(Listed records begins)
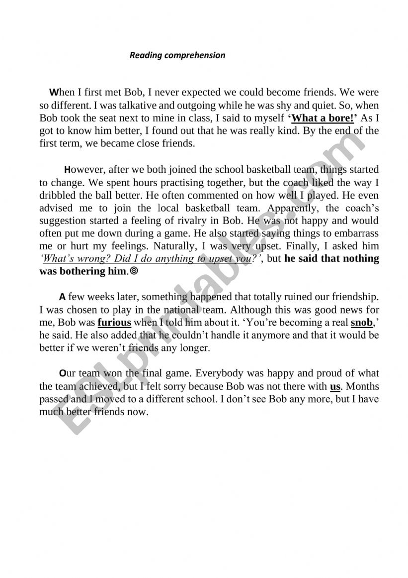 Reading worksheets > Reading comprehension > first form reading comprehension
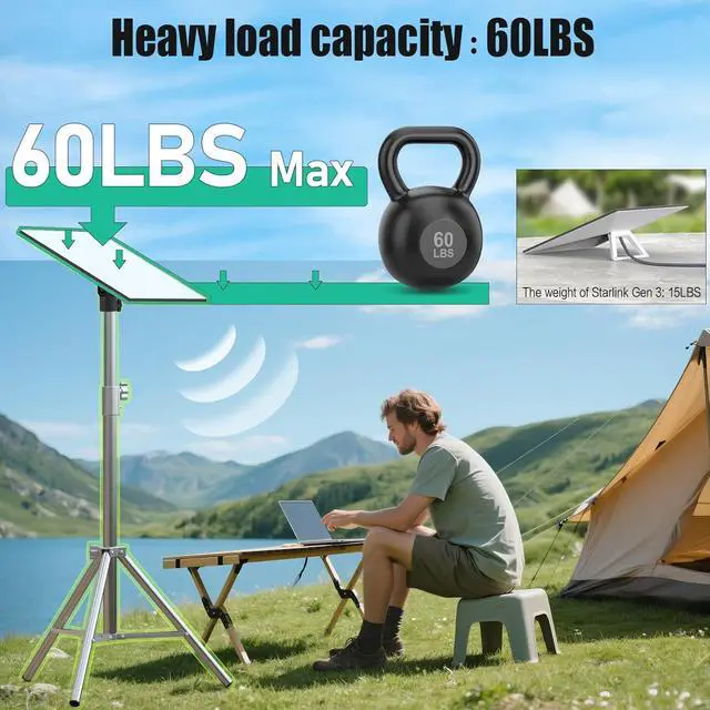 [Starlink Gen 3 Tripod]Made from sturdy stainless steel material, the Starlink tripod provides reliable strength and support. The tripod design can resist toppling in high winds and challenging terrains, making it safe for both indoor and outdoor use. Additionally, the tripod comes with non-slip silicone pads, further enhancing stability and load-bearing capacity.
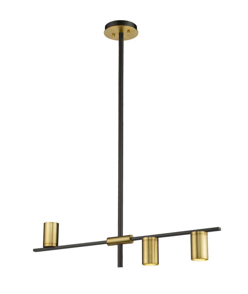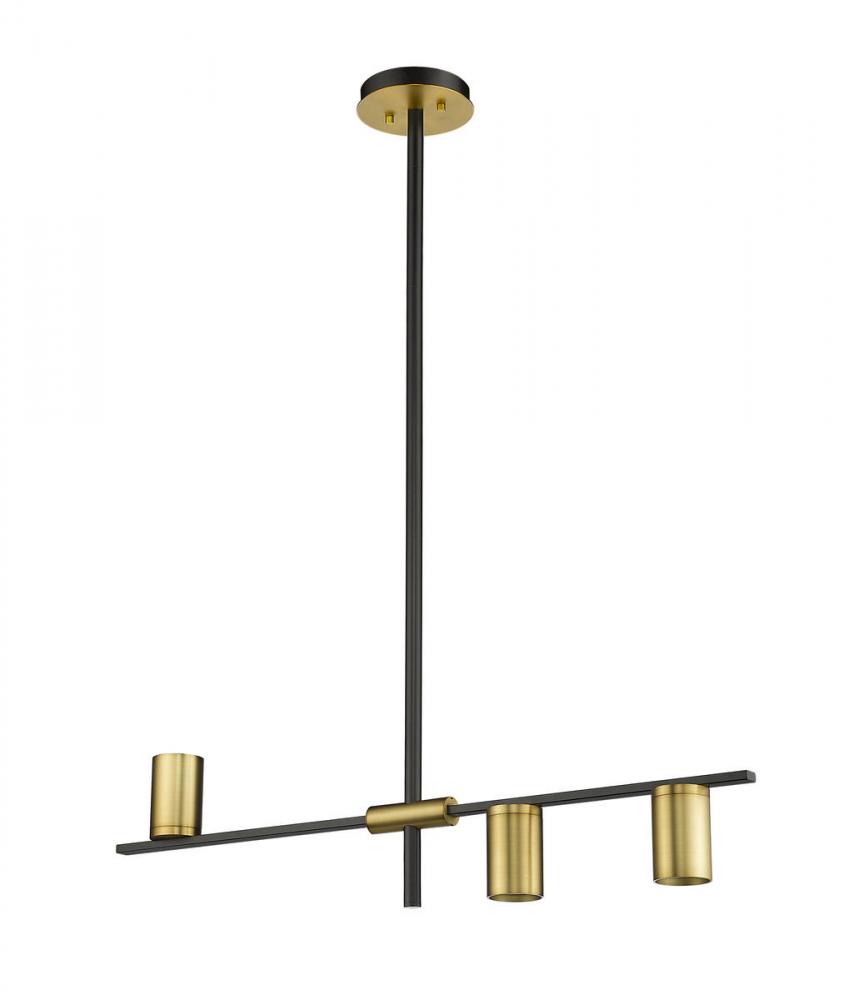 Turn conventional d?cor on its head with a storied Native American theme worked into a transitional light fixture meant for entertaining spaces. This three-light island and billiard light from the Calumet collection reflects primitive styling that blends matte black finish steel in a linear frame, arm, and canopy with carefully arranged olde brass finish steel shades. Enjoy uplighting and downlighting with a light fixture that offers dynamic personality.
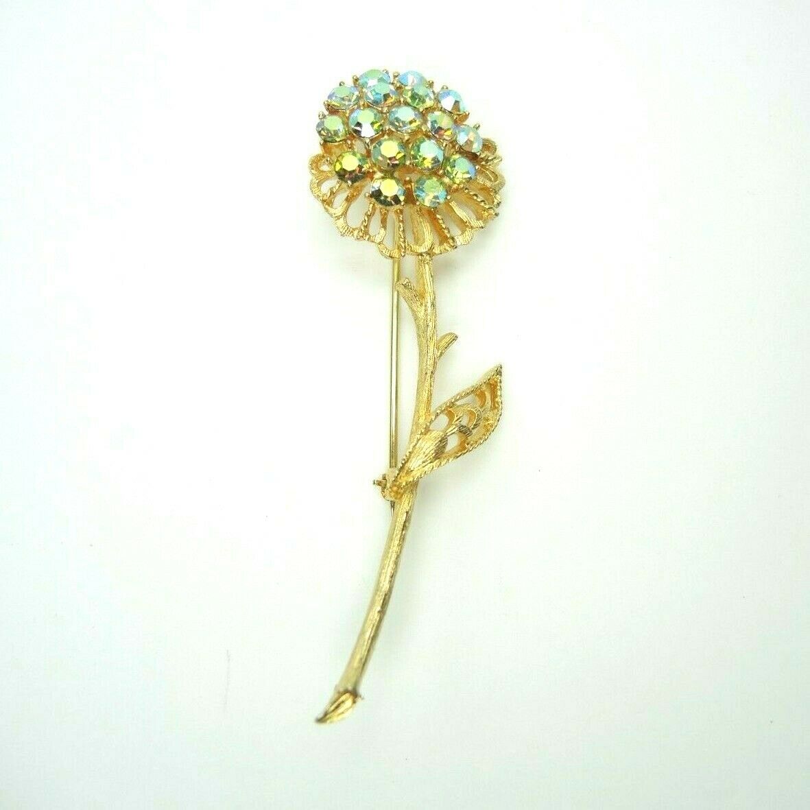 Flower Stem Faux Rhinestones 3.1-inch Vintage Unsigned Brooch Lapel Pin
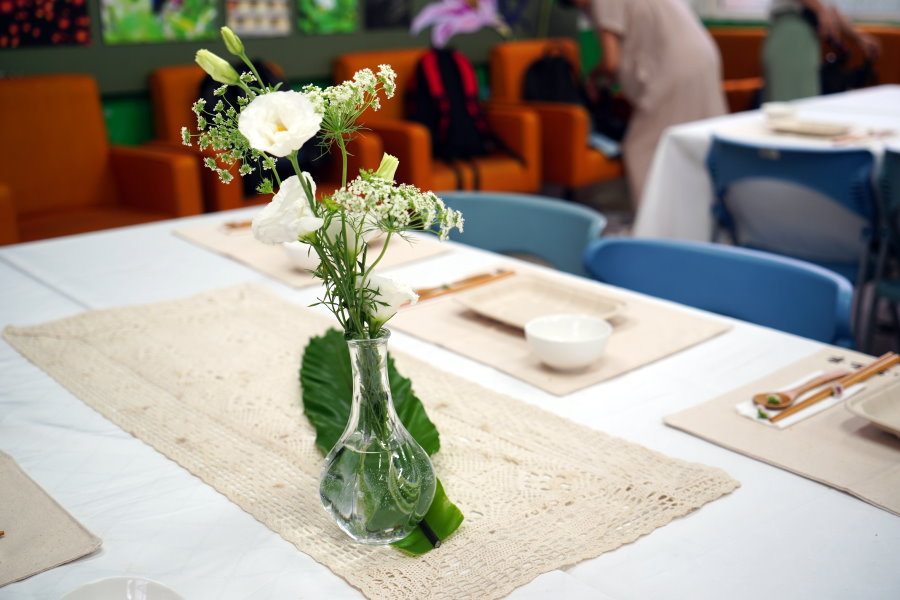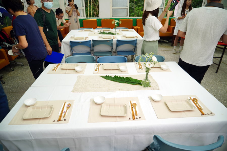 ▼餐桌以花藝擺飾,加上以紙纖維製成、可多次使用的餐盒及餐具,典雅好看又不會造成環境的負擔。
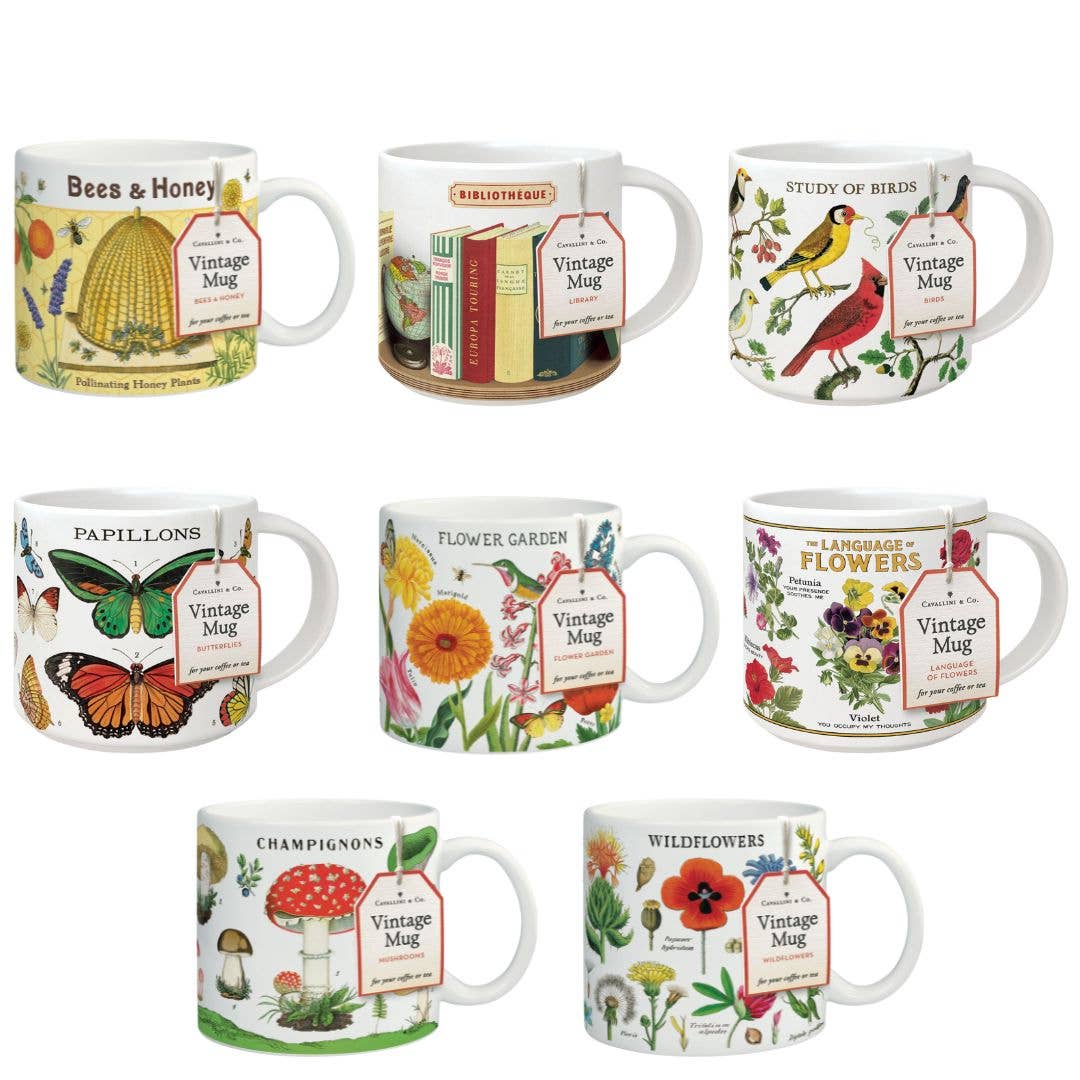 Vintage Mug - Flower Garden 14fl oz - perfect for your coffee or tea Microwave and dishwasher safe Vintage imagery from the Cavallini archives Packaged in a beautiful gift box! 14x19.5cm
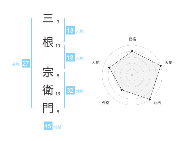 三根 宗衛門さんを姓名の画数から五運を鑑定
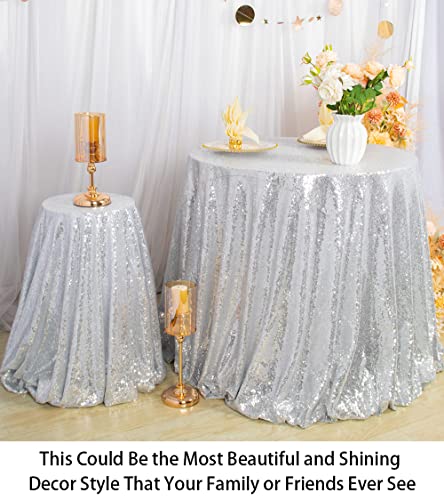 ShinyBeauty Tovaglia rotonda da 125 cm, con paillettes, colore argento, per matrimoni, feste, banchetti, tavola rotonda con paillettes, tovaglia da esterno (50 pollici, Argento)
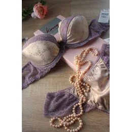 Mimořádně romantická podprsenka s kosticemi, která působivě pozvedne a opticky zvětší poprsí. Zajímavá kombinace odstínů: světle fialová a pudrově růžová. Svůdný vzorovaný satén dokonale ladí s vyšívanou krajkou. Výhodou jsou odnímatelné ramenní popruhy a odnímatelné push up polštářky. Půvab dodává perlový přívěsek umístěný mezi šálky. O třídu výš.
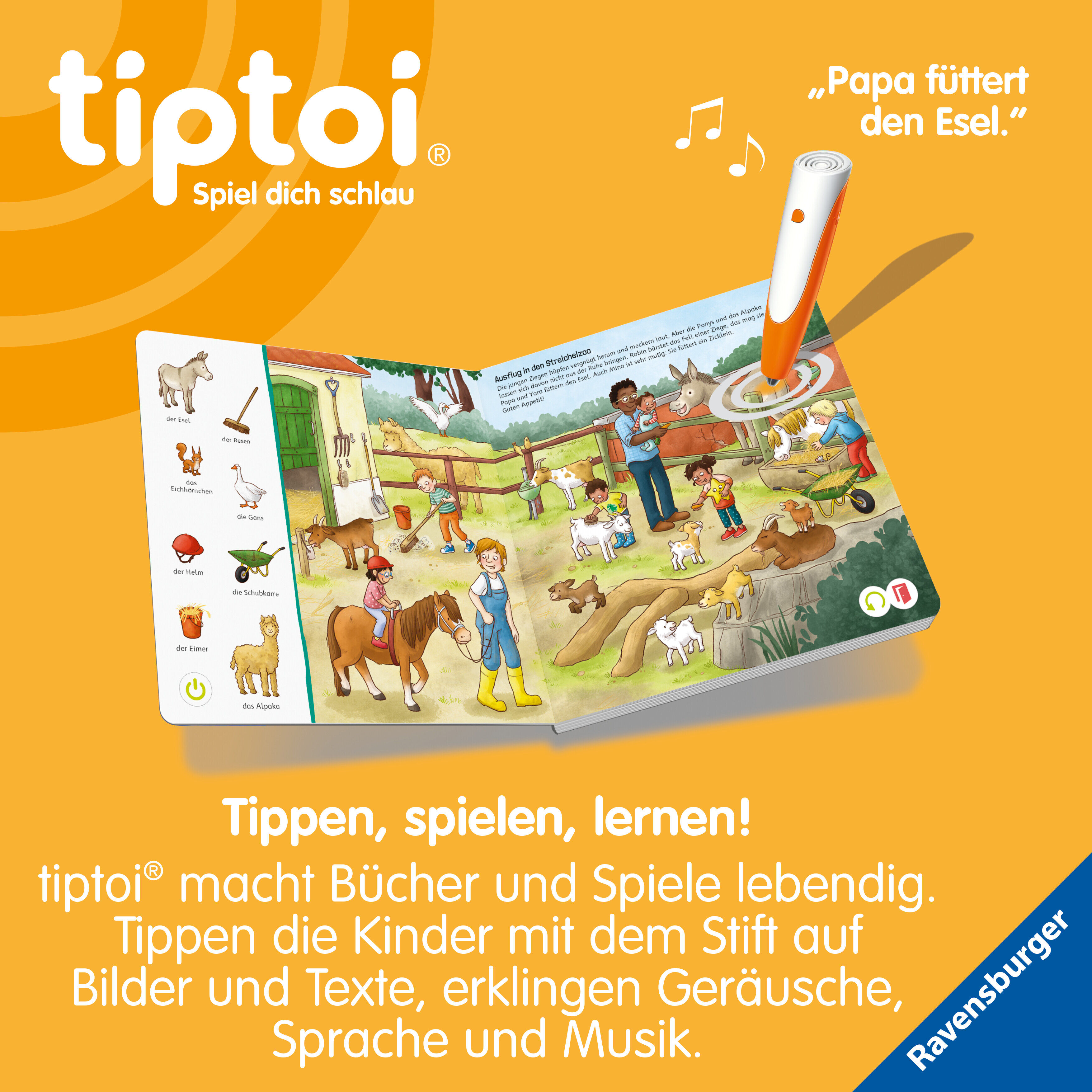 Auf der Suche nach einem Buch für Kinder mit Tiergeräuschen? Hier wiehert, muht und summt es! Auf dem Bauernhof bloken die Schafe, im Garten zwitschern die Vogel und auf der Wiese summt es in diesem Bilderbuch entdecken die Kleinen die heimische Tierwelt. Sieb...
(Listed records ends)
### What you need to do
Copy out all the data above exactly as written. Skip the pictures.

### Response
 Reading worksheets > Reading comprehension > first form reading comprehension
 [Starlink Gen 3 Tripod]Made from sturdy stainless steel material, the Starlink tripod provides reliable strength and support. The tripod design can resist toppling in high winds and challenging terrains, making it safe for both indoor and outdoor use. Additionally, the tripod comes with non-slip silicone pads, further enhancing stability and load-bearing capacity.
 Turn conventional d?cor on its head with a storied Native American theme worked into a transitional light fixture meant for entertaining spaces. This three-light island and billiard light from the Calumet collection reflects primitive styling that blends matte black finish steel in a linear frame, arm, and canopy with carefully arranged olde brass finish steel shades. Enjoy uplighting and downlighting with a light fixture that offers dynamic personality.
 Flower Stem Faux Rhinestones 3.1-inch Vintage Unsigned Brooch Lapel Pin
 ▼餐桌以花藝擺飾,加上以紙纖維製成、可多次使用的餐盒及餐具,典雅好看又不會造成環境的負擔。
 Vintage Mug - Flower Garden 14fl oz - perfect for your coffee or tea Microwave and dishwasher safe Vintage imagery from the Cavallini archives Packaged in a beautiful gift box! 14x19.5cm
 三根 宗衛門さんを姓名の画数から五運を鑑定
 ShinyBeauty Tovaglia rotonda da 125 cm, con paillettes, colore argento, per matrimoni, feste, banchetti, tavola rotonda con paillettes, tovaglia da esterno (50 pollici, Argento)
 Mimořádně romantická podprsenka s kosticemi, která působivě pozvedne a opticky zvětší poprsí. Zajímavá kombinace odstínů: světle fialová a pudrově růžová. Svůdný vzorovaný satén dokonale ladí s vyšívanou krajkou. Výhodou jsou odnímatelné ramenní popruhy a odnímatelné push up polštářky. Půvab dodává perlový přívěsek umístěný mezi šálky. O třídu výš.
 Auf der Suche nach einem Buch für Kinder mit Tiergeräuschen? Hier wiehert, muht und summt es! Auf dem Bauernhof bloken die Schafe, im Garten zwitschern die Vogel und auf der Wiese summt es in diesem Bilderbuch entdecken die Kleinen die heimische Tierwelt. Sieb...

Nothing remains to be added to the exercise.